Preheat oven to 350°F.
In a medium bowl, whip cream with an electric mixer until stiff peaks form, about 1 minute. Set aside.
Mix cornstarch and water in a small bowl until smooth. Set aside.
Place the cream cheese in the bowl of an electric mixer, beat on low speed for 2-3 minutes until smooth and free of any lumps. Add sugar and sour cream and continue mixing until incorporated. Gradually add sweetened condensed milk and beat until creamy, for 1-2 minutes. Add lemon juice, vanilla extract and cornstarch mixture; beat until well incorporated. Turn off mixer.

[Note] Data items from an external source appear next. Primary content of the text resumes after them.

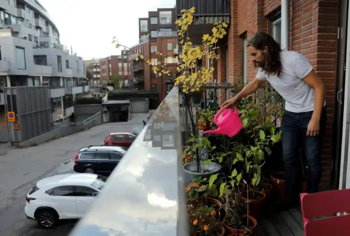 Огородник-садовод на балконе квартиры в Стокгольме, Швеция, 29 сентября 2016. (Фото Maxim Shemetov | Reuters):
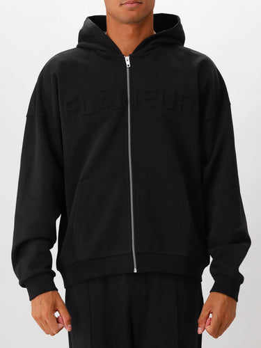 Flâneur Vest Zwart Embossed Zip-Up Hoodie
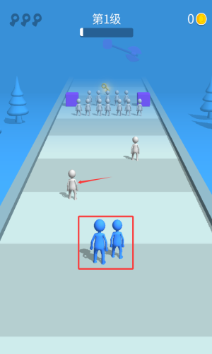2、控制红框蓝色角色,集合灰色推进关卡。
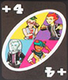 Wild Draw 4 Card - When you play this card, you get to choose the color that continues play PLUS the next player must draw 4 cards from the DRAW pile and lose their turn.
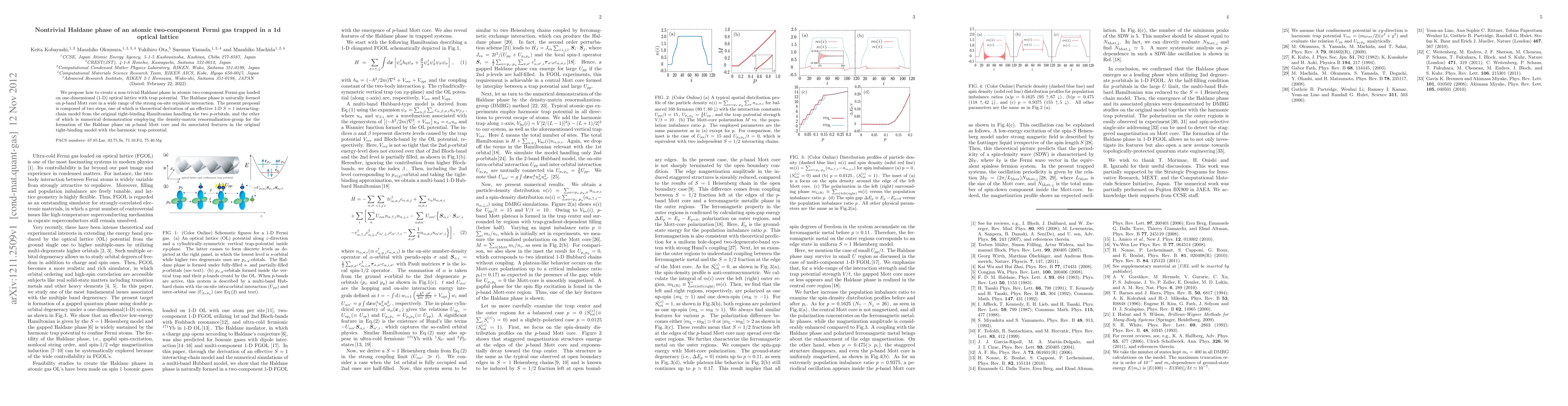 We propose how to create a non-trivial Haldane phase in atomic two-component Fermi-gas loaded on one-dimensional (1-D) optical lattice with trap potential. The Haldane phase is naturally formed on $p$-band Mott core in a wide range of the strong on-site repulsive interaction. The present proposal is composed of two steps, one of which is theoretical derivation of an effective 1-D S=1 interacting-chain model from the original tight-binding Hamiltonian handling the two $p$-orbitals, and the other of which is numerical demonstration employing the density-matrix renormalization-group for the formation of the Haldane phase on $p$-band Mott core and its associated features in the original tight-binding model with the harmonic trap potential.
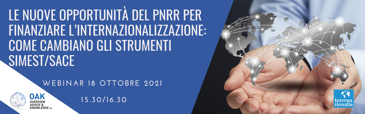Cambiano, anche alla luce del PNRR, gli strumenti che SACE e Simest mettono a disposizione delle aziende italiane per finanziare le operazioni di internazionalizzazione. Per scoprire i nuovi strumenti finanziari a sostegno delle aziende, Oak srl, in collaborazione con Internationalia, organizza lunedì 18 ottobre 2021 alle ore 15.30/16:30 un rapido webinar in cui verranno presentate le nuove modalità di azione di Simest e SACE e in cui due professionisti abilitati ad operare con entrambi i gruppi risponderanno alle domande delle aziende.
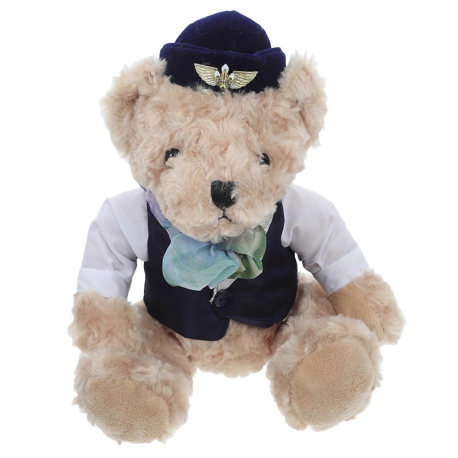 Cute Airline Stewardess Bear Plush Doll Soft PP Cotton Decorative Stuffed Animal for Home Blue 10.5 inches
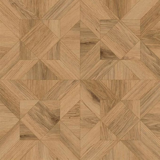 The soft, golden tones of classic York Oak work beautifully in this elegant pattern, inspired by traditional marquetry.
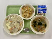 牛乳 ごはん ちくわのカレー揚げ 切干大根の煮物 いももち汁
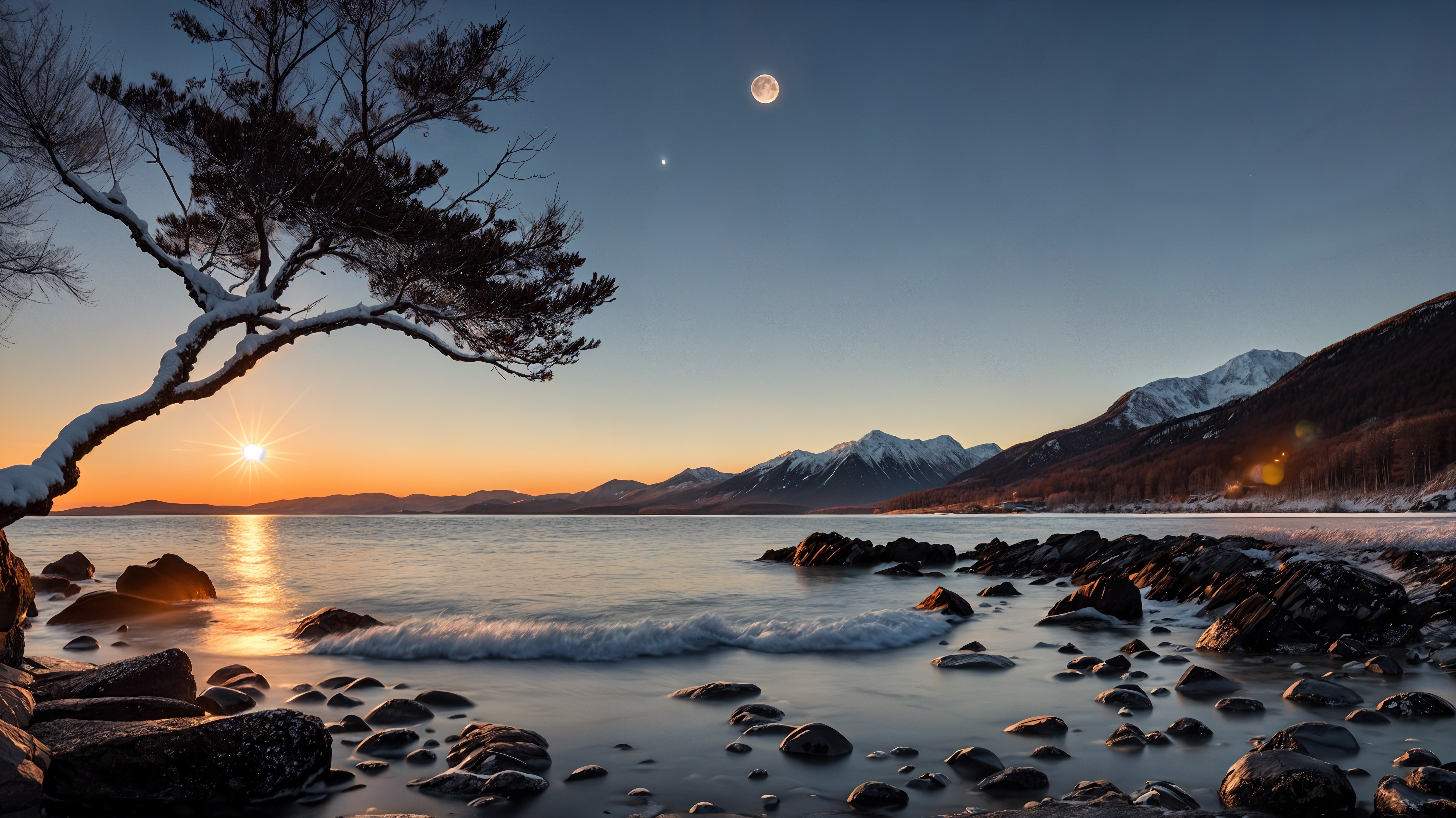 Prompt: Oils on canvas. Atop a snowy mountain, there is a cozy bar with the lights visible through the windows. Several snow-covered trees surround the bar. Not faraway there is a frozen waterfall cascading down the mountain.
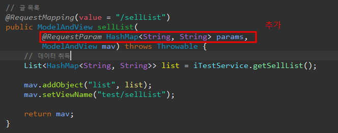 public ModelAndView sellList(@RequestParam HashMap<String, String> params, ModelAndView mav) throws Throwable {
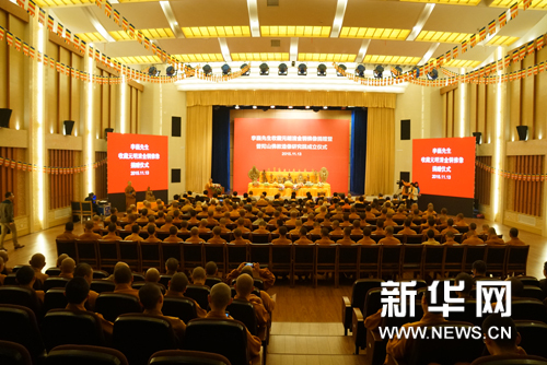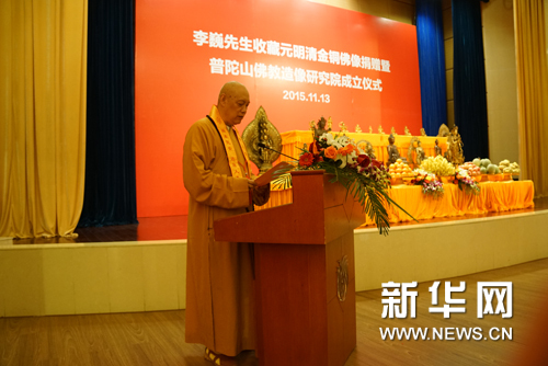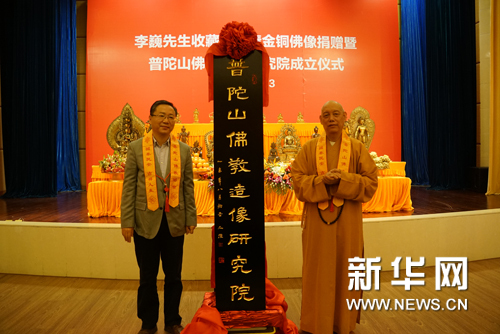 11月13日上午,普陀山佛教协会在中国佛学院普陀山学院国际会议中心举行了普陀山佛教造像研究院成立揭牌仪式。
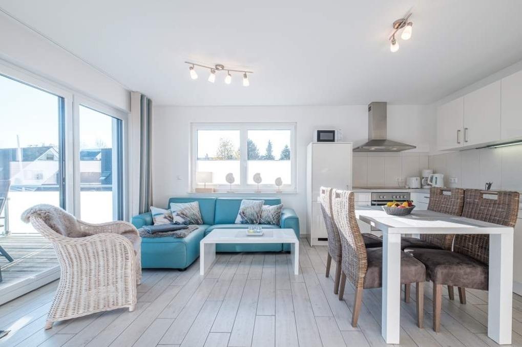 Das Appartement Strandzeit #5 befindet sich in der 2. Etage mit Balkon in Süd-Ausrichtung. Hier finden 4 Personen ausreichend Platz. Das Wohnzimmer ist mit einer gemütlichen Couchgarnitur, einem Flatscreen-TV, einer Essecke und der modernen Küche mit Backofen, Cerankochfeld, Mikrowelle und Geschirrspüler eingerichtet.
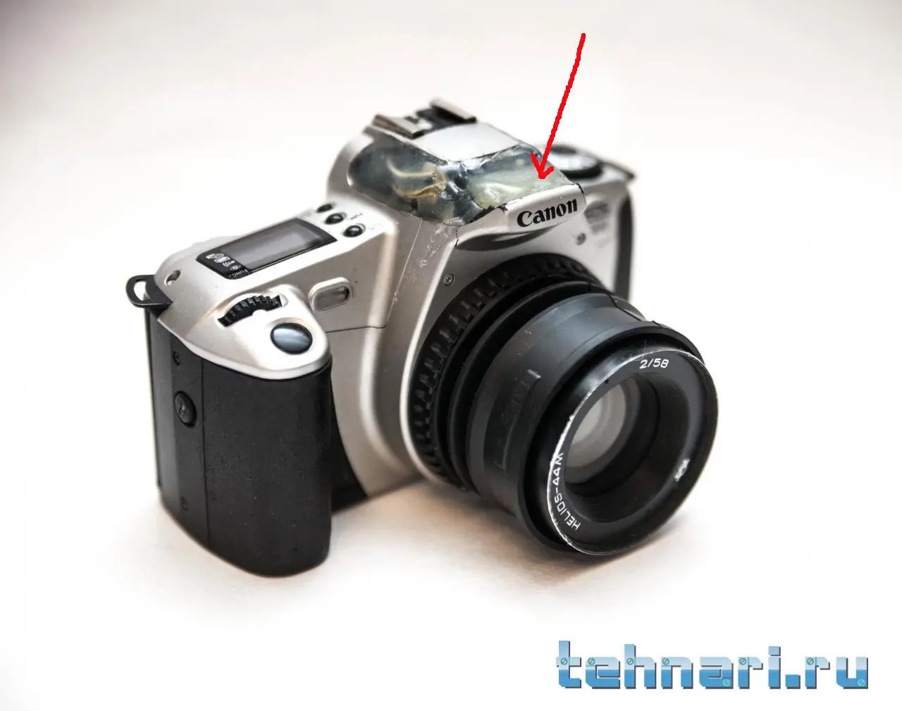 Это найденный мной фотоаппарат, пленочный канон д30. У него была разбита вспышка, и после того, как меня дернуло током, я решил проблему кардинально. :) Кстати, его объектив(30-90, тоже битый корпус) скорее всего пойдет донором для второго тилт-шифта.
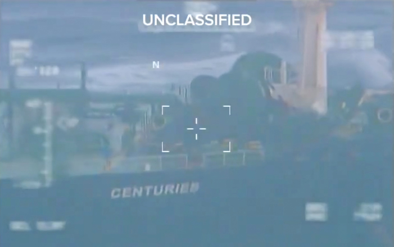 | 미국 군용 헬기가 파나마 국적 유조선 ‘센추리스(Centuries)’ 상공을 비행하고 있는 모습., [로이터] |
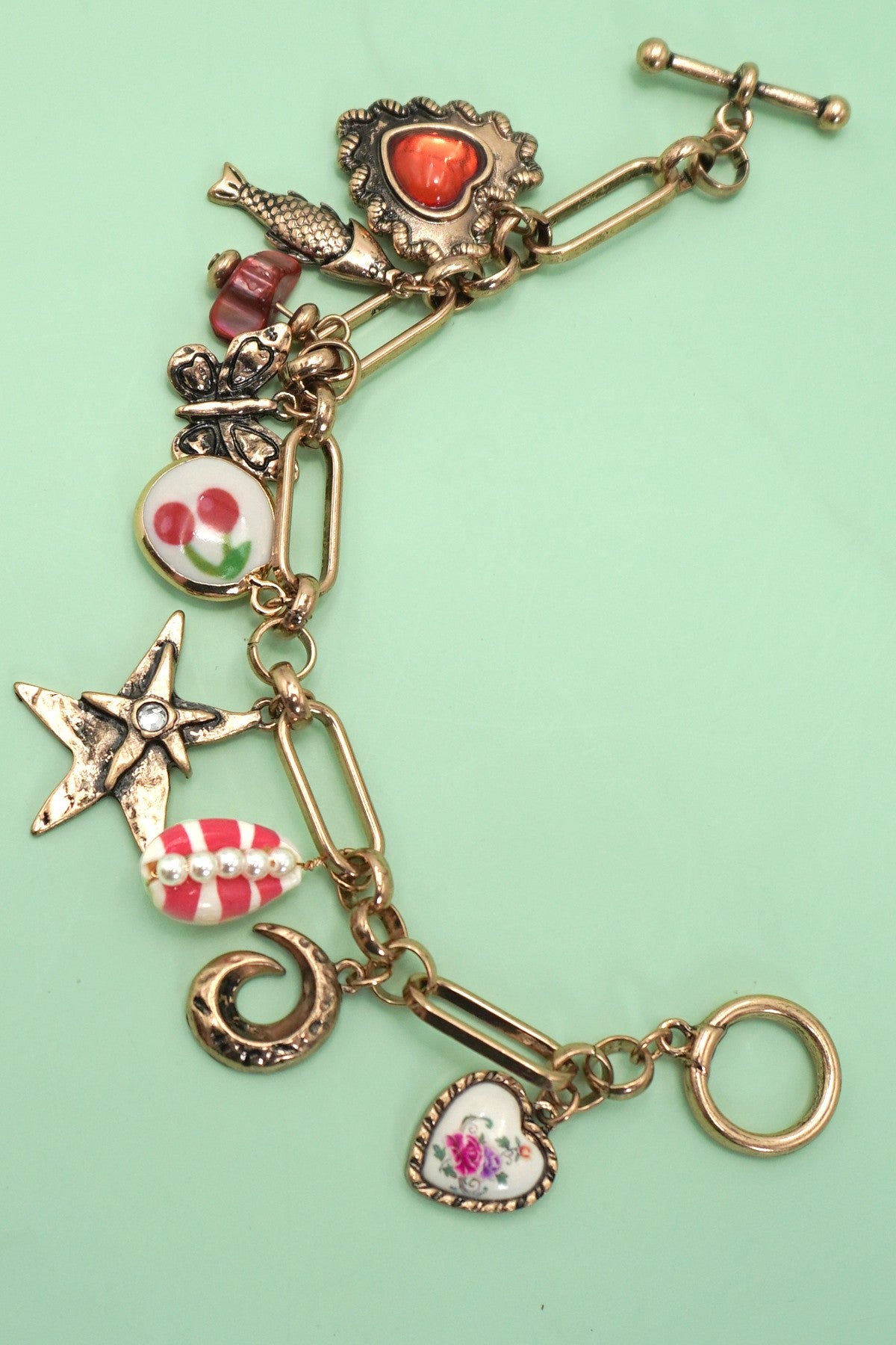 gold link toggle chain. Mix of porcelain gem accents, hearts, sweet cherry
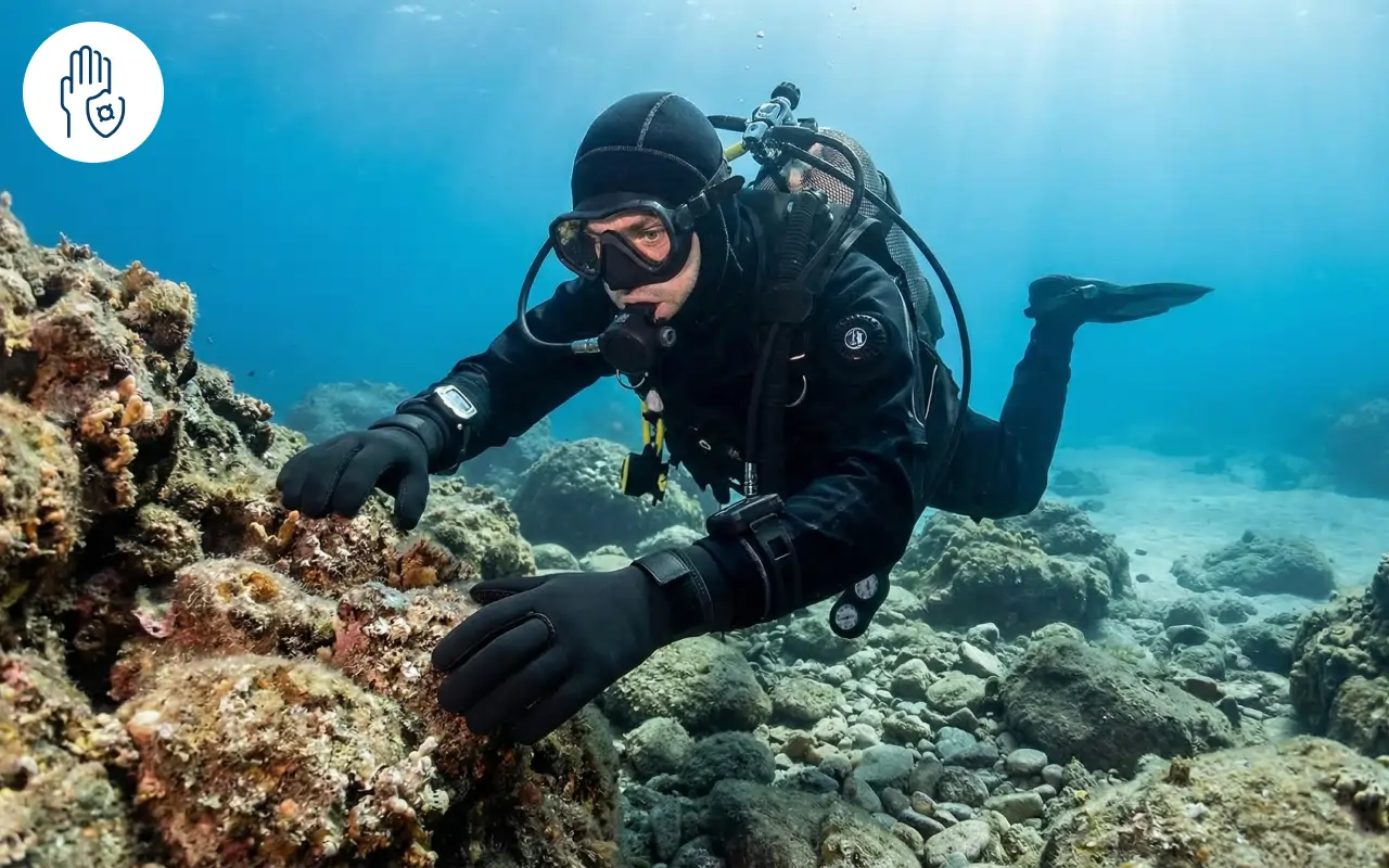 Le design antidérapant de la paume garantit qu’aucun objet ne glisse de votre main. Tenez votre équipement ou explorez les fonds marins en toute confiance.

Add whipped heavy cream and gently foil in using a spatula. Pour the mixture over the crust; tap gently to remove any air bubbles.
Place the cheesecake pan on a large piece of aluminum foil and fold up the sides around it (this is to keep the water from seeping into the cheesecake). Place the cake pan in a large roasting pan. Pour hot water into the roasting pan until the water is about halfway up the sides of the cheesecake pan.
Bake for 40 minutes or until the edges are just barely puffed but the filling is pale—you're not looking for golden brown.
Turn off the oven and leave the door closed for 40 more minutes (leave the cheesecake inside of the oven). The cheesecake will continue to cook, but slowly begin to cool as well.
After 40 minutes, remove the cheesecake from the oven. The center of the cheesecake should still wobble when you remove it; it will continue to cook as it cools on the counter. Remove the cheesecake from the water bath and wrapping. Let it cool at room temperature. Then refrigerate for at least 4 hours, or overnight.
Loosen the cheesecake from the sides of the pan by running a thin metal spatula around the inside rim. Unmold and transfer to a cake plate.